Este sábado 20 de junio, Ingrid Sanz Asensio ha protagonizado una de las bodas más esperadas del verano social español. La hija de Fernando Sanz e Ingrid Asensio ha dado el “sí, quiero” al futbolista Ilies Hassaine en la iglesia de San Jerónimo el Real de Madrid, el mismo templo en el que sus padres celebraron su boda hace casi 30 años. Un detalle cargado de simbolismo que ha convertido este enlace en una celebración familiar y emocional. La boda llega además en un fin de semana especialmente destacado para la alta sociedad española, después del enlace celebrado el viernes por Carmen Laffón, hermana de Rochi Laffón, amiga íntima de Victoria Federica y protagonista también de uno de los looks de invitada más comentados.
Para su gran día, Ingrid ha confiado en Silvia Fernández, una diseñadora muy cercana a la familia que ha vestido en distintas ocasiones a su madre, sus hermanas e incluso a su abuela materna. El resultado ha sido un vestido de novia profundamente romántico, protagonizado por el encaje, la manga francesa, una silueta que marca la cintura y uno de los elementos más llamativos del look: un velo XXL con inspiración royal.
Un vestido de novia de encaje con silueta romántica y cintura marcada
El diseño elegido por Ingrid Sanz Asensio resume una de las tendencias más buscadas entre las novias actuales: recuperar la esencia clásica de las grandes bodas con piezas atemporales y llenas de detalles artesanales.
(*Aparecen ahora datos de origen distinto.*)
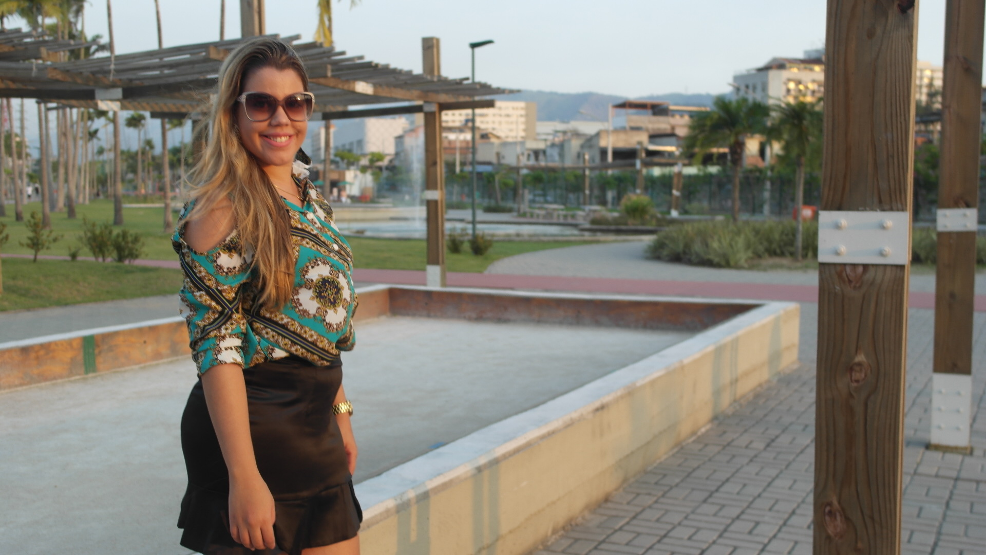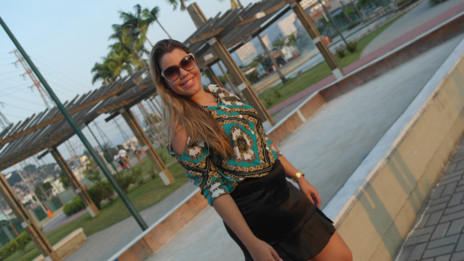 Resolvi aderir duas peças no look que estão em alta no outono/inverno, o animal print seja qual for a estação, ele vem com mais força e seja qual for a estampa do animal print realça mais a cor da nossa pele e para compor o look resolvi colocar um short saia preto, para equilibrar o look, dando um destaque total na bota acima dos joelhos.

El vestido está realizado en encaje blanco, con un cuerpo muy trabajado donde los bordados adquieren todo el protagonismo. El escote redondo y las mangas francesas aportan ese aire elegante y tradicional, mientras que el patrón ajustado en la cintura estilo fajín consigue una silueta muy favorecedora y femenina.
Uno de los detalles más especiales aparece en la parte posterior del vestido, donde la cola continúa el mismo trabajo de encaje del diseño principal. Una pieza de gran presencia que se ha descubierto cuando Ingrid ha bajado del coche antiguo que la llevó hasta la iglesia acompañada de su padre.
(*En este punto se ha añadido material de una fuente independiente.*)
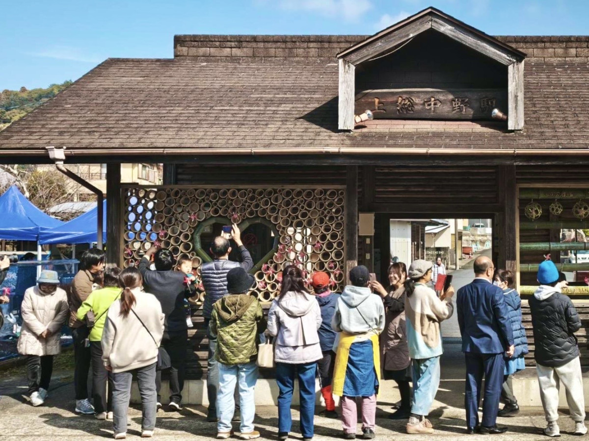 上総中野駅のオブジェの前でにぎわう人々(写真提供=kiccake)
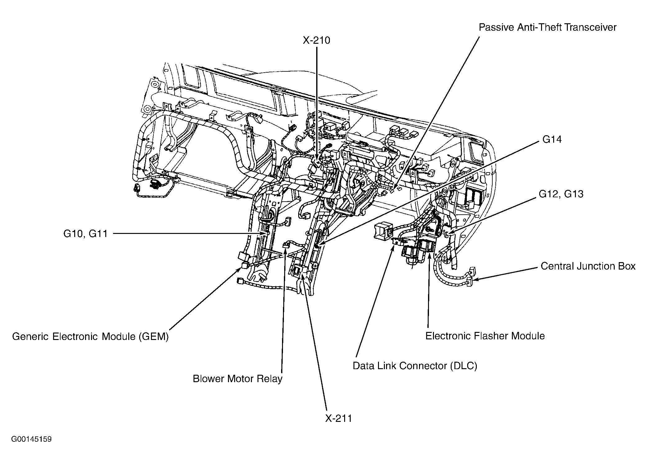 | Generic Electronic Module (GEM) | Behind lower center of dash. See Figure. |

El resultado es un vestido que mezcla romanticismo y sofisticación, sin recurrir a grandes excesos: una apuesta por la belleza del tejido, la caída y el trabajo artesanal.
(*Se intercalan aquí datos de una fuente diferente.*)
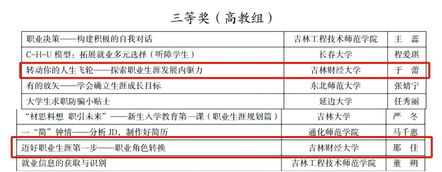 学校教师在吉林省第十届职业发展与就业指导课程教学大赛暨微课程大赛中荣获三等奖

El velo XXL, el ramo blanco y el “algo azul” más especial de la novia
Si hay un elemento que ha transformado completamente el look de Ingrid ha sido el velo. La novia ha elegido un diseño muy largo, ligero y delicado, con una caída que recuerda a los velos de las grandes bodas reales.
Su longitud supera incluso a la cola del vestido, creando ese efecto visual tan cinematográfico que convierte la llegada a la iglesia en uno de los momentos más memorables de cualquier boda.
En clave beauty, Ingrid ha optado por la elegancia de un recogido bajo, dejando todo el protagonismo al vestido y al velo. El maquillaje se ha centrado especialmente en la mirada, con un resultado natural y sofisticado.
Como joyas, ha elegido unos pendientes de aguamarinas, un detalle lleno de significado que conecta con una de las tradiciones más conocidas de las novias: llevar “algo azul” como símbolo de fidelidad, protección y buena fortuna.
El look se completaba con un ramo de flores blancas, en perfecta armonía con la pureza y sencillez del vestido.
Una boda marcada por la historia familiar y una nueva generación
La boda de Ingrid Sanz Asensio e Ilies Hassaine ha reunido a familiares y amigos en un día especialmente emotivo para la familia Sanz Asensio.
La pareja, que mantiene una relación desde 2021, llega a este enlace después de haber formado una familia junto a sus dos hijas, Micaela e Ingrid. El compromiso llegó en 2023, tras el bautizo de su primera hija, cuando Ilies sorprendió a Ingrid con una romántica petición de matrimonio.
Uno de los momentos más tiernos del día lo han protagonizado precisamente las pequeñas, que han llegado vestidas de blanco con detalles rosas, lazos y tocados de flores, acompañando a su madre en una jornada que quedará para siempre en la memoria familiar.
La iglesia de San Jerónimo el Real, uno de los templos más emblemáticos de Madrid, volvía así a convertirse en escenario de una gran historia de amor. Casi tres décadas después de la boda de sus padres, Ingrid Sanz Asensio ha escrito allí su propio capítulo familiar con un vestido que combina tradición, romanticismo y ese aire de novia eterna que nunca pasa de moda.